Many routers are just OEM models rebadged and re-enclosured, with basically the same circuit inside.  Sometimes they have slightly newer external chips or ethernet PHYs, but an existing router firmware image for the same device works, except for some features.  Then, it is a matter of finding how to support the unsupported parts.  For very new system-on-chips, you may need to backport device support from the vanilla (kernel.org) kernels to support that processor.  (Processor manufacturers are nowadays pretty good at pushing the support into upstream Linux; it just makes sense, because it reduces the effort and time needed to get support on the market.  Though, there are still vendors who insist on forking a specific version of Linux, and creating their own "SDK" on top of it, which means they're frozen in time at that point, and won't get support for new devices (radios and such) unless the vendor backports the support -- and they won't.)

(Conversely, many routers may completely change their hardware between minor revisions! Usually the revision is shown on some sticker at the bottom of the device, but otherwise may look exactly the same -- but internally, are completely different devices.)

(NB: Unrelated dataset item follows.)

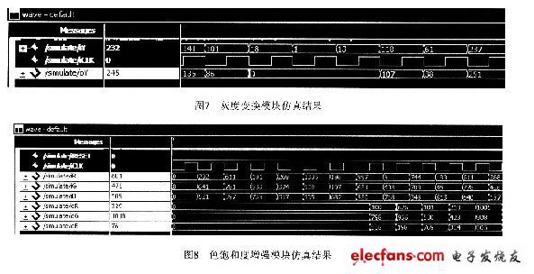 用ModelSim對灰度變換模塊進行仿真的結果,如圖7所示。對色飽和度增強模塊進行仿真的結果,如圖8所示。

If the router already runs some variant of Linux, it may have a device tree representation in the official firmware image.  Decompiling those, one can examine how the subsystems are wired; then, it is just a matter of finding the proper kernel device drivers to use.  It is a lot of work, but relatively straightforward; mostly searching and verification.

Most routers have an UART on the board configured as a serial console, providing the kernel messages.  (This is useful for development, and debugging malfunctioning units, so it makes sense to leave it enabled.)  These messages provide helpful information about the subsystems and drivers used.

Physical examination of the chips on the board can tell where to start; this is why you can find board images of many routers.

[soldar]

I have several Chinese routers with all the configuration menus in Chinese. Navigating menus in Chinese seems much easier to me than trying to flash firmware in English so I guess I will leave them as they are.